Звучит слишком резко даже для Бэкхена, и радость тут же куда-то уходит. Он действительно забыл, увлекся своими мечтами, а эти слова отрезвляют, хлещут ледяной водой. Бэкхен снова улыбается, только теперь неискренне, надеясь показать, что ему плевать. Кивает в сторону спальни — мол, проходи, не будем медлить.

— Просто я думал, что не нужно торопиться. Ладно, пойдем.

В комнате Бэкхен сразу же лезет в рюкзак за смазкой и резинками. Как это жалко бы не звучало, но он действительно всегда готов встретить Чанеля. Вот и сейчас стягивает футболку и больно кусает губы, чтобы не сморозить очередную глупость, над которой парень только посмеется.

— Не смотри на меня так, — приказывает Чанель, кидая джинсовку куда-то на пол. — Кажется, я не должен напоминать, чьей инициативой было все это дерьмо, — футболка падает на пол бесформенным комком. Чанель легко толкает парня на кровать и нависает следом, безэмоционально глядя в глаза напротив, и лишь потом мягко прикасается губами к чужой шее.

— Мне не смотреть на тебя вовсе? — иногда Бэкхен, как умеет, огрызается. Рано или поздно непроходящая боль надоедает, он срывается, но замолкает так же резко, как и закипает. Боится, что Чанелю надоест все это дерьмо, и тот уйдет. Ведь Чанель прекрасно обойдется без влюбленного в него идиота, а вот Бэкхен без Чанеля — вряд ли.

Контраст между словами и прикосновениями действительно заводит, и Бэкхен тихо стонет от легкого поцелуя. Ему нужно ничтожно мало, крохи, чтобы продолжать это чертово безумие. Он вскидывает бедра, тесно прижимаясь к парню, и да, в постели он действительно старается, понимая, что только этим может зацепить Чанеля. Вот и сейчас скользит губами по чужой скуле, зарывается пальцами в волосы. Ему — здесь и сейчас, — хорошо, и наплевать, что это скоро закончится.

— Можешь не смотреть. Мне без разницы, — Пак никогда не мелочится, и оставляет на чужой коже багровые засосы, которые со временем станут напоминать микрокосмос с оттенками синего, фиолетового, лилового.
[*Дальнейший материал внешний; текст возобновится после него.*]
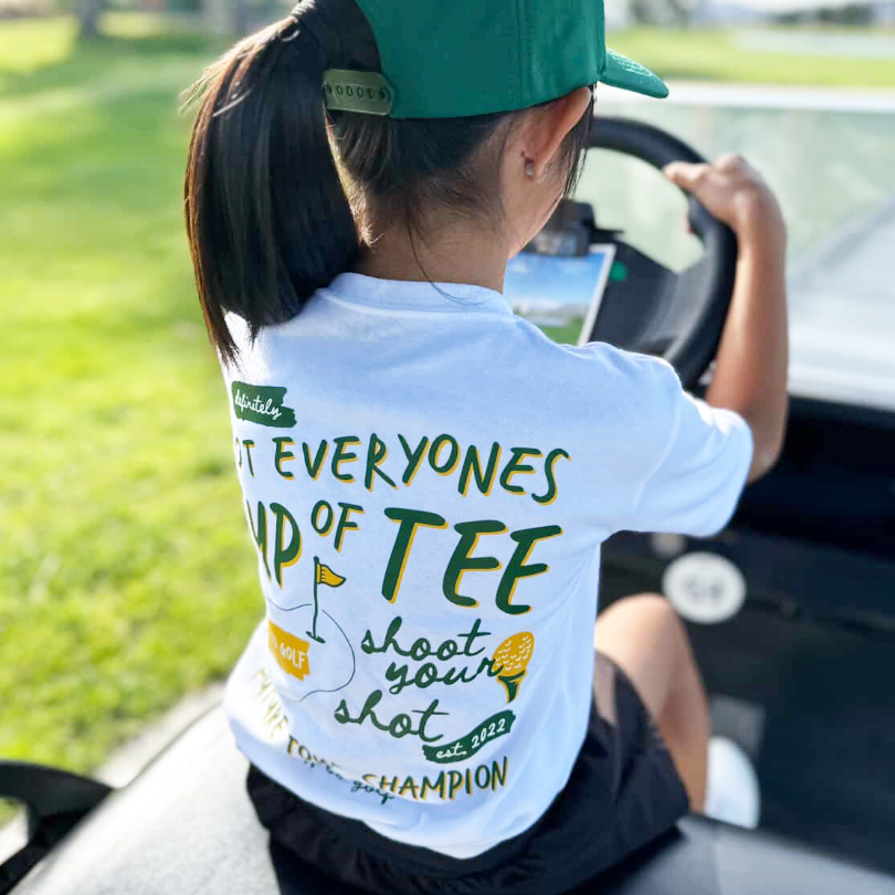 Keep your little golfer cool and comfortable on and off the course with our cotton poly blend toddler and youth shirt. Designed for all-day wear, this lightweight and breathable tee features a classic crew neck for easy on and off, along with short sleeves for unrestricted movement. Whether they’re swinging a club or just playing outside, this soft and stylish shirt is perfect for any young golf enthusiast.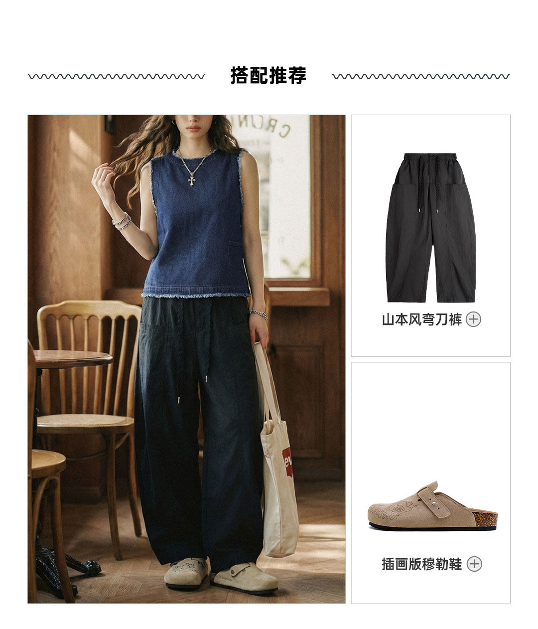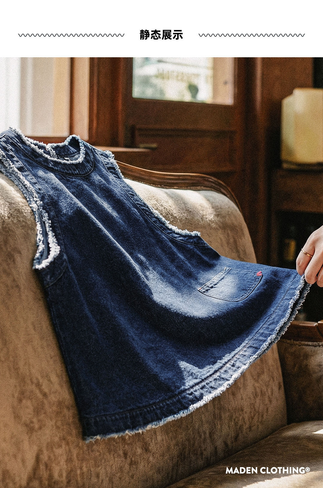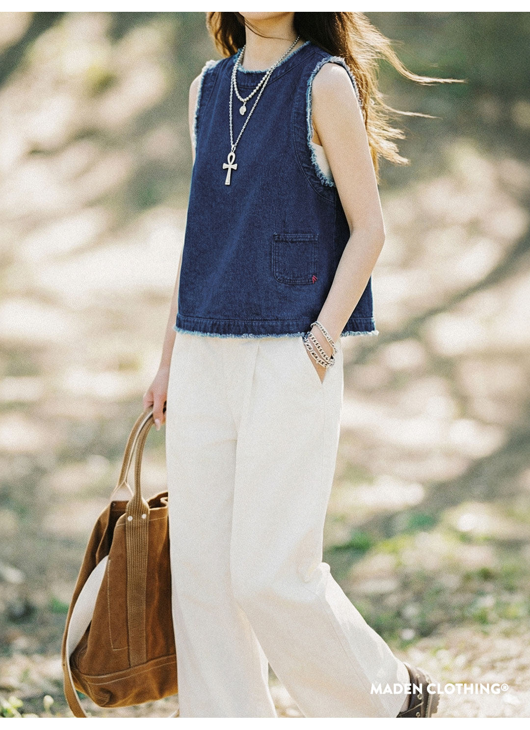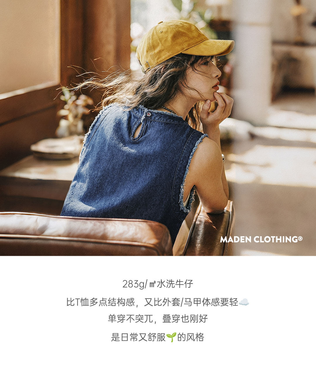 马登日系复古宽松叠单外穿牛仔马甲外套无袖坎肩背心上衣女士春夏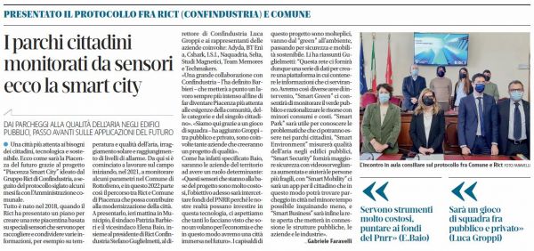 Una città più attenta ai bisogni dei cittadini, tecnologica e sostenibile. Ecco come sarà la Piacenza del futuro grazie al progetto “Piacenza Smart City” ideato dal Gruppo Rict di Confindustria, a seguito del protocollo siglato alcuni mesi fa con l’Amministrazione comunale.
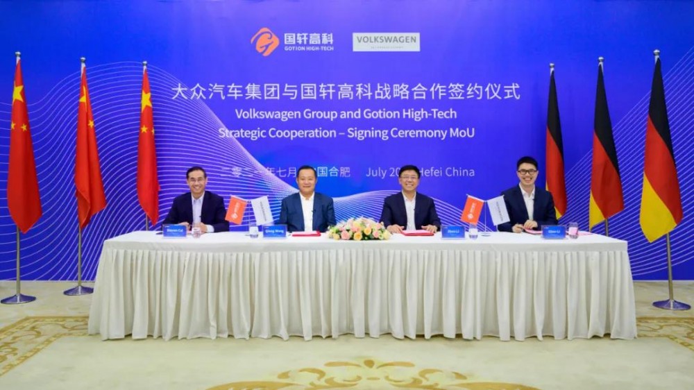 2021 年 7 月 12 日,国轩高科与大众汽车集团以云签约形式达成战略合作框架协议。双方决定共同推动大众汽车集团萨尔茨吉特工厂的电池工业化生产,国轩将提供相应技术支持;同时合肥国轩也与大众汽车(中国)达成协议,为其常规量产车型开发第一代标准电芯。这是双方继2020年5月股权协议签订之后的又一个大动作,意味着双方的合作更进一步。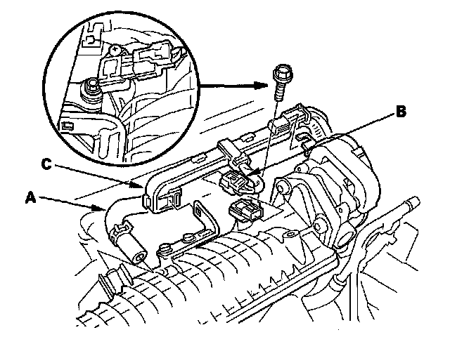 14. Disconnect the brake booster vacuum hose (A) and manifold absolute pressure (MAP) sensor connector (B), then remove the harness holder (C).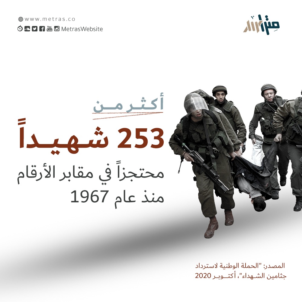تقدر "الحملة الوطنية لاسترداد جثامين الشهداء والكشف عن المفقودين"، والتي انطلقت عام 2008، أعداد جثامين الشهداء والرفات المتفرّقة في مقابر الأرقام حتى اليوم بما يفوق الـ253 جثماناً، منهم شهداء من العام 1968. بعد مداولات قضائيّة وسلسلة من الاحتجاجات، حدّد جيش الاحتلال مكان دفن 123 منهم في فبراير/ شباط الماضي. لكنّه ما زال يماطل حتى الآن في إنشاء قاعدةِ بياناتٍ جينيّة لتحديد هويات الشهداء، كما أنّه يربط أي تقدمٍ في قضية مقابر الأرقام بقرار الـ"كابينت" منذ عام 2017.

Бэкхен не смотреть не может. Он каждую встречу буквально пожирает Чанеля взглядом, запоминает каждую черту и одинокими ночами дрочит на этот образ. Ничего большего ему не остается — только редкий секс и бурные фантазии. Поэтому сейчас Бэкхен не сводит глаз и стонет от каждого поцелуя.

Слишком громкий, слишком навязчивый и влюбленный, слишком не-идеал Чанеля. Иногда он ненавидит себя за это, но сейчас ему плевать.

Он тянется к чужому ремню, торопится, расстегивая и стягивая джинсы вместе с бельем. Бэкхен голодный, нетерпеливый и трахается так, будто он только что открыл секс. Прижимается к чужим губам, утягивает в глубокий поцелуй, не прекращая касаться такого прекрасного для него тела: ладонь тут же плотно обхватывает чужой член и ласкает его.

Чего уж греха таить: возбуждать Бэкхен умел мастерски. Не умел бы, Пак с ним и не трахался бы. Его тонкие пальцы, нежная кожа, прерывистые стоны — все это заводит с нереальной скоростью, и он мягко толкается в чужую ладонь, мыча что-то в поцелуй.

Пальцами зарывается в волосы Бена, после собирает их в кулак и слегка натягивает — дурацкая привычка, от которой вряд ли он сможет когда-нибудь избавиться.

— Растяни себя, — и вновь это мало чем похоже на простую просьбу. Чанель вообще не может просить — только приказывать. — Давай, малыш.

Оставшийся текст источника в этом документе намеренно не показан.